### Requirement
Set down, exactly as written, the lines from the top of the data to the line that holds "PERPRES Nomor 90", and omit the pictures.

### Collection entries
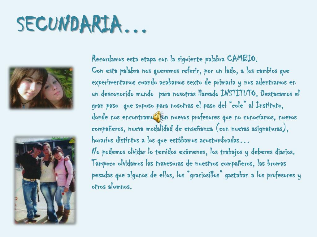 SECUNDARIA… Recordamos esta etapa con la siguiente palabra CAMBIO. Con esta palabra nos queremos referir, por un lado, a los cambios que experimentamos cuando acabamos sexto de primaria y nos adentramos en un desconocido mundo para nosotras llamado INSTITUTO. Destacamos el gran paso que supuso para nosotras el paso del “cole” al Instituto, donde nos encontramos con nuevos profesores que no conocíamos, nuevos compañeros, nueva modalidad de enseñanza (con nuevas asignaturas), horarios distintos a los que estábamos acostumbradas… No podemos olvidar lo temidos exámenes, los trabajos y deberes diarios. Tampoco olvidamos las travesuras de nuestros compañeros, las bromas pesadas que algunos de ellos, los “graciosillos” gastaban a los profesores y otros alumnos.
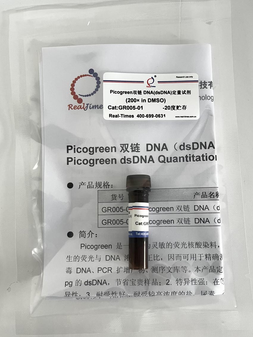 Picogreen 是一種極為靈敏的熒光核酸染料,其僅在與DNA 雙鏈結(jié)合后才發(fā)出熒光,且所產(chǎn)生的熒光與 DNA 濃度呈正比,因而可用于精確測量多個來源的 dsDNA,包括基因組 DNA、病毒 DNA、PCR 擴增產(chǎn)物、測序文庫等。本產(chǎn)品定量具有以下優(yōu)勢:1. 靈敏度高:可檢測低至200 pg的dsDNA,節(jié)省寶貴樣品;2. 特異性強:在等摩爾的RNA存在的條件下,對dsDNA具有特異性;3. 耐受性好:耐受較高濃度的鹽、尿素、乙醇、氯仿、去垢劑、蛋白或瓊脂糖,可以直接定量PCR擴增產(chǎn)物而無需從反應(yīng)混合物中純化DNA。4. 易于使用-只需在樣品中加入染料,等待5分鐘,然后讀數(shù)即可,且適用于96和384孔板;與大多數(shù)基于熒光的酶標儀和熒光計兼容。5. 適用范圍廣:可適用于PCR的分析、芯片樣品、DNA損傷分析、酶活分析、基因組DNA定量以及復(fù)雜混合物中dsDNA的檢測和病毒DNA定量等多種領(lǐng)域。
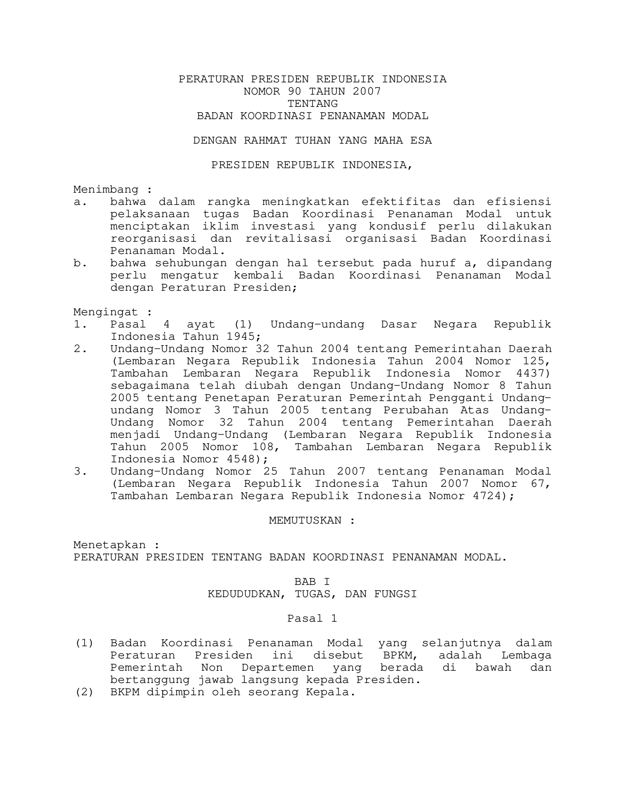 PERPRES Nomor 90 Tahun 2007 | Peraturan Presiden Nomor 90 Tahun 2007 tentang BADAN KOORDINASI PENANAMAN MODAL
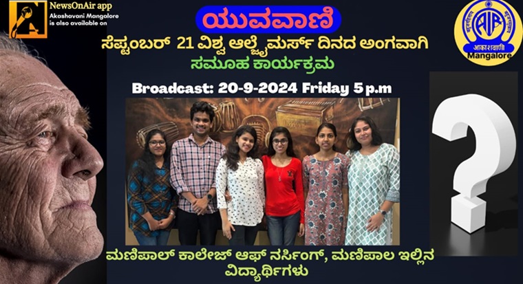 A radio program by Dr. Savitha Prabhu on raising awareness among the public and support for those dealing with Alzheimer’s disease and other dementias was recorded on 18th September in Mangalore Akashavani and will be aired on 20th September at 8.30 pm and a role play by the students of the 5th semester on Alzheimer’s Dementia will be aired on 20th September at 5 pm on NewsOnAir, Akashavani, Mangalore. The program is aligned with SDG 3 good health and wellbeing and SDG 4 quality education.
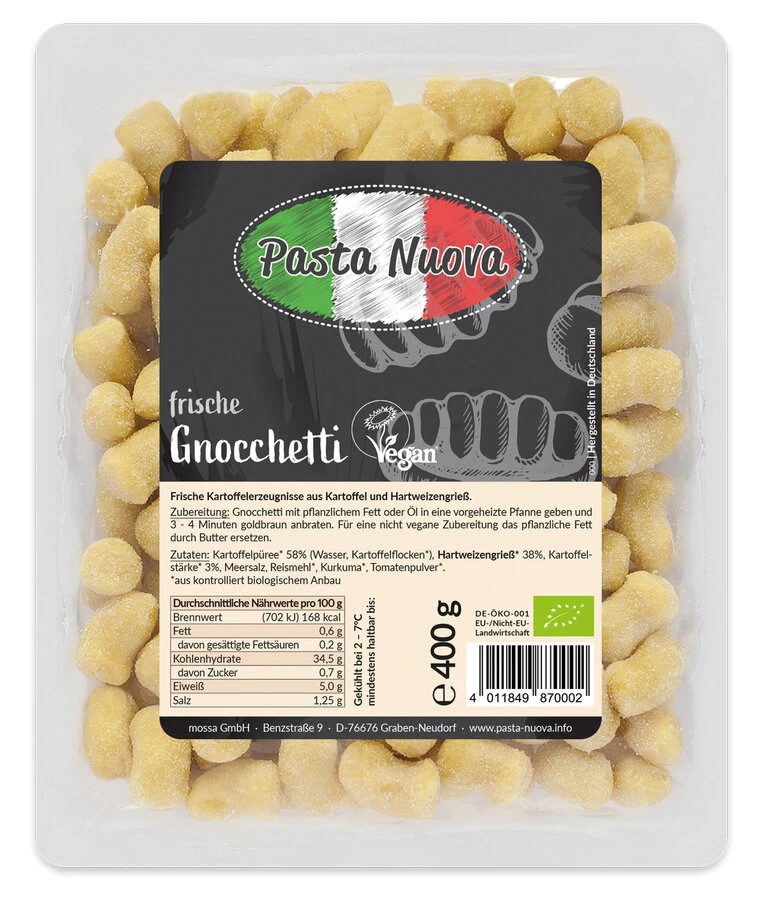 Erlebe den Zauber der italienischen Küche neu mit den frischen, veganen Gnocchetti von Pasta Nuova. Perfekt für die schnelle, pfannenfertige Zubereitung, bieten sie eine hervorragende Grundlage für vielfältige Gerichte. Kombiniere sie nach Lust und Laune mit deinem Lieblingspesto oder einer aromatischen Soße. Diese nach traditioneller Rezeptur hergestellten Gnocchetti sind ein Garant für ein authentisches Geschmackserlebnis, das dich und deine Liebsten begeistern wird.
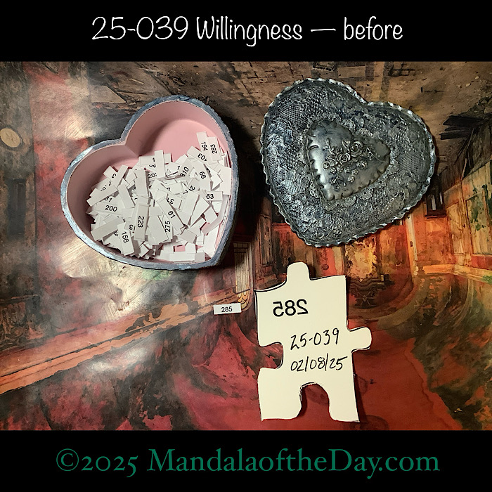BTW…Here’s the before…the front and back view of today’s puzzle piece and the pretty ceramic box that holds all my numbers from which I randomly choose each day’s puzzle piece number:

### Result of this task
 SECUNDARIA… Recordamos esta etapa con la siguiente palabra CAMBIO. Con esta palabra nos queremos referir, por un lado, a los cambios que experimentamos cuando acabamos sexto de primaria y nos adentramos en un desconocido mundo para nosotras llamado INSTITUTO. Destacamos el gran paso que supuso para nosotras el paso del “cole” al Instituto, donde nos encontramos con nuevos profesores que no conocíamos, nuevos compañeros, nueva modalidad de enseñanza (con nuevas asignaturas), horarios distintos a los que estábamos acostumbradas… No podemos olvidar lo temidos exámenes, los trabajos y deberes diarios. Tampoco olvidamos las travesuras de nuestros compañeros, las bromas pesadas que algunos de ellos, los “graciosillos” gastaban a los profesores y otros alumnos.
 Picogreen 是一種極為靈敏的熒光核酸染料,其僅在與DNA 雙鏈結(jié)合后才發(fā)出熒光,且所產(chǎn)生的熒光與 DNA 濃度呈正比,因而可用于精確測量多個來源的 dsDNA,包括基因組 DNA、病毒 DNA、PCR 擴增產(chǎn)物、測序文庫等。本產(chǎn)品定量具有以下優(yōu)勢:1. 靈敏度高:可檢測低至200 pg的dsDNA,節(jié)省寶貴樣品;2. 特異性強:在等摩爾的RNA存在的條件下,對dsDNA具有特異性;3. 耐受性好:耐受較高濃度的鹽、尿素、乙醇、氯仿、去垢劑、蛋白或瓊脂糖,可以直接定量PCR擴增產(chǎn)物而無需從反應(yīng)混合物中純化DNA。4. 易于使用-只需在樣品中加入染料,等待5分鐘,然后讀數(shù)即可,且適用于96和384孔板;與大多數(shù)基于熒光的酶標儀和熒光計兼容。5. 適用范圍廣:可適用于PCR的分析、芯片樣品、DNA損傷分析、酶活分析、基因組DNA定量以及復(fù)雜混合物中dsDNA的檢測和病毒DNA定量等多種領(lǐng)域。
 PERPRES Nomor 90 Tahun 2007 | Peraturan Presiden Nomor 90 Tahun 2007 tentang BADAN KOORDINASI PENANAMAN MODAL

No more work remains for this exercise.